My favorite stories come from Connors' last Open run in 1983. Jimmy and Henderson are up late watching TV in Jimmy's hotel room before the tournament starts. Connors asks him to hang around and come into the living room of the suite. Jimbo pretends to look at a piece of paper for dramatic effect, then flicks his eyes up and asks Henderson, "I can win this, right?" When Henderson enthusiastically answers yes, Connors, with some relief, says "That's what I wanted to hear." It's a touching desire for support, as well as another show of relentless positivity, from a guy who always had the reputation of a go it alone tough guy.

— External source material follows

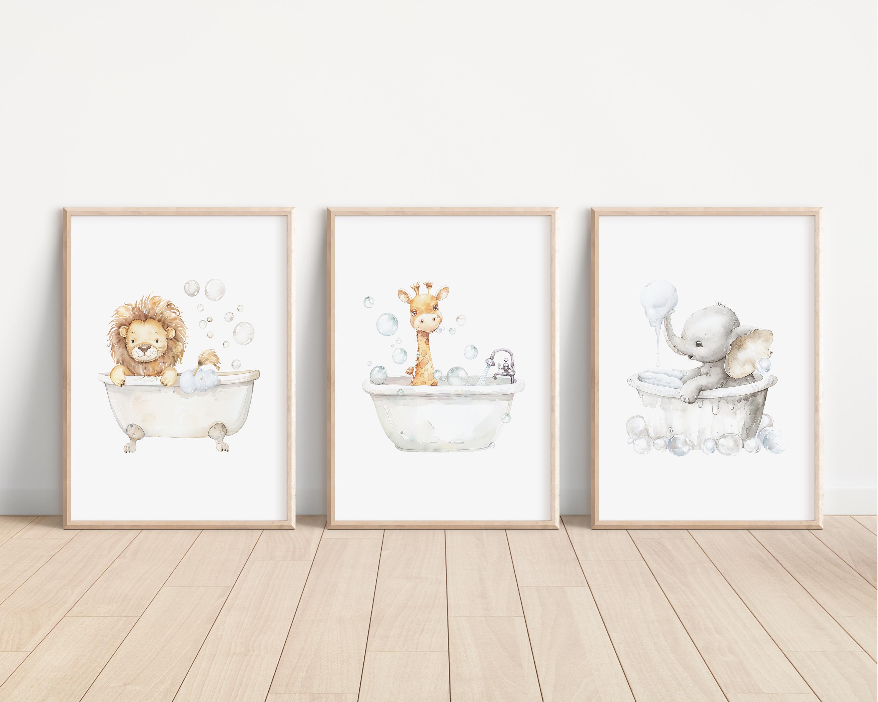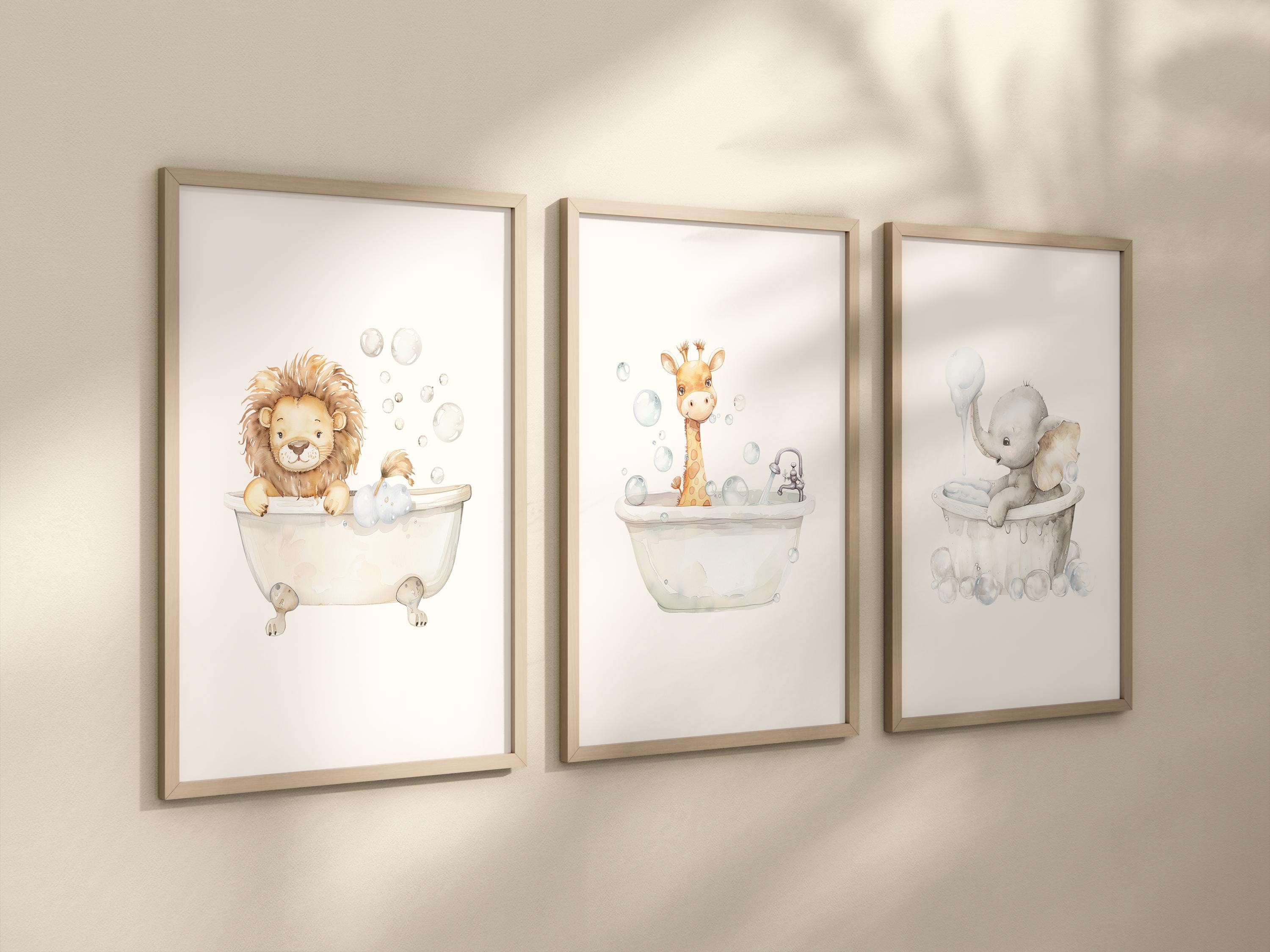 Safari Bathroom Wall Art Set, Lion Giraffe Elephant Prints, Bathroom Decor, Watercolor Animal Bathroom Art, Neutral Kids Bath Art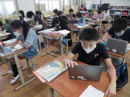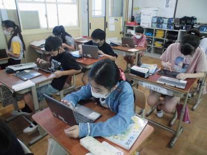 6年生の国語科「やまなし」の学習の様子です。

The night before Connors' first-round match that year, the crew goes out to see a Bette Midler concert (another funny image--Jimbo watching Bette Midler). The show goes past midnight and Henderson starts to worry. He imagines Connors losing and having to tell his mother, Gloria, that he'd been out late the night before. "I'd rather be locked in a room with Charles Manson than have that conversation," Henderson thinks. Wow, I knew Glo was tough, but . . .
There are good stories for the tennis junkie here, about Ashe, Borg, McEnroe, Vitas, Lendl, and Agassi. Naturally, my favorite stars Ilie Nastase. At the '76 Open, he played a wild and epic five-setter with Germany's Hans Pohman. The German cramped, but did it so often and with such over the top drama that Nastase finally flipped out (he was obviously stealing some of Nasty's thunder, too). The crowd booed, Pohman refused to shake Nastase's hand, Nastase spat at Pohman, the umpire refused to shake Nastase's hand, and Nastase banged his racquet against the ump's chair. Henderson walked back to the locker room with Nasty and said that he had never heard such a stream of abuse from the fans.
They get back to the locker room and, against all odds, Nastase tries to make up with Pohman. He puts out his hand, but Pohman says, "I will never shake your hand." Nastase pulls back and says the only words you would expect him to say: "---- you, Hitler."